A DIVIDED US appeals court has stopped a bid by BP to block businesses from recovering money over...

Another Deepwater Horizon loss for BP

It does not mean the payments will immediately start flowing again.

BP says the temporary injunction it won preventing the payments would not be lifted until the case was transferred back to the District Court.

BP had sought a permanent injunction preventing certain payments under the economic and property damages settlement it reached in 2012.

It asked the court to prevent payments to business economic loss claimants whose alleged injuries were not traceable to the Deepwater Horizon disaster and oil spill.

However, in a two-to-one vote the 5th US Circuit Court of Appeals in New Orleans upheld a December 24 ruling by US District Judge Carl Barbier in New Orleans authorising the BEL payments.

The decision is a blow to BP's attempts to limit payments under a multi-billion dollar settlement it reached over the Deepwater Horizon disaster and oil spill.

The disaster killed 11 people and triggered the US' largest oil spill.

In a statement BP says it disagrees with the decision by the US appeals court.

"By denying the relief BP requested, however, BP believes that today's decision will improperly allow for the payment of losses with no connection to the spill," the company says.

"BP further believes that unless this problem is fully corrected, the settlement cannot by upheld under the law.

"BP has accordingly already sought en banc rehearing of the January 2014 decision by a separate panel of the Fifth Circuit upholding the validity of the settlement.

"The full court has not yet reached a decision on BP's en banc rehearing petition."

The company says its petition for en banc rehearing could further delay the District Court lifting the temporary injunction BP had put in place on the BEL payments.
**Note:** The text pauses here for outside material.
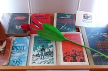 Тематическая выставка литературы в школьной библиотеке "Для нас они живы"

In its statement BP says it has already secured a favourable ruling in the courts regarding the matching of revenues and expenses in calculating BEL claims.

In December, after 10 months of litigation, including two appeals to the Fifth Circuit, the District Court reversed its prior rulings and held that the court supervised settlement program had to ensure claimants' reported revenues and expenses be correctly matched for the purposes of discriminating awards under the settlement.

As of December 31, BP had no provision for BEL claims payable under the settlement because it says no reliable estimate can be made.

It says that estimate will be established when the uncertainties referred to in its fourth quarter and full year 2013 results are resolved and a reliable estimate can be made of the liability.

BP has set aside $US42.7 billion ($A47.7 billion) for clean-up, compensation, legal and other costs related to the spill.